The present study contributes broadly to the substantial body of research comparing the persuasive efficacy of different message formats, which has yielded conflicting results: While some work shows that narratives and non-narratives are equally persuasive (Dunlop et al. 2010), other findings suggest that one format is superior to the other (Greene and Brinn 2003; Ratcliff and Sun 2020; Zebregs et al. 2015a). These diverging results suggest that a line of inquiry directed toward identifying when message format makes a difference in both initial and corrective persuasion may be fruitful. For instance, the claim and corrective contexts examined in the current work generally mirrored those that are encountered in news media. A recent meta-analysis (Freling et al. 2020) identified message content as a determinant of the persuasive efficacy of message format, such that narrative-based messages are more persuasive when emotional engagement is high (as when focal content involves a severe threat to health or oneself). It is similarly possible that the format of a corrective message may matter when the topic is emotionally engaging, but not in more generally informative scenarios such as those examined in the present work. In support of this position, it has been suggested that personal experiences of people affected by COVID-19 can serve to reduce misconceptions about the pandemic (Mheidly and Fares 2020).

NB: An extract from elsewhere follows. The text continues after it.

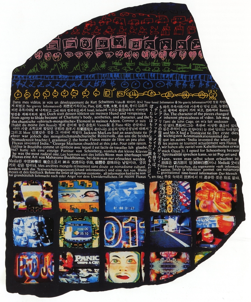비디오 영상 화면 이미지가 나열되고 한국어, 영어, 프랑스어 등으로 백남준의 예술 이력이 서술된 작품은 인터넷을 통해 데이터 간의 소통이 이뤄지는 오늘날을 원초적인 석판의 모습으로 보여준다.

A challenge in comparing the persuasive (or corrective) efficacy of narrative versus non-narrative messages lies in operationalizing message format in a way that is true to their conceptual definition but that does not also introduce confounds (van Krieken and Sanders 2019). While we carefully attempted to minimize confounds in the present work, there are several limitations. In fact, our efforts to make narrative and non-narrative messages as equivalent as possible on the dimensions of length and featured content may obscure differences on these dimensions that occur naturally. Further, while steps were taken to enhance external validity in the current work, participants in online experiments are not representative of the public at large, and engagement with the materials in such experiments is always somewhat contrived. Specifically, experimental procedures involving corrections are subject to demand characteristics, and participants are incentivized to pay attention to all presented information. Part of stories’ persuasive potential lies in their ability to attract and retain attention, which is particularly important in the modern media environment. Thus, future work examining the effect of message format on debunking efforts in a field context is warranted. Stories that are cocreated with the audience may be useful in addressing misinformation, particularly in contexts characterized by limited access to or engagement with high-quality, fact-oriented information sources. Moreover, approaches that jointly present evidence and narrative elements, such as narrative data visualization (e.g., Dove and Jones 2012), might provide a particularly promising approach for future interventions. What we can conclude from the present study, however, is that the narrative format, in itself, does not generally (i.e., under all conditions) produce an advantage when it comes to misinformation debunking.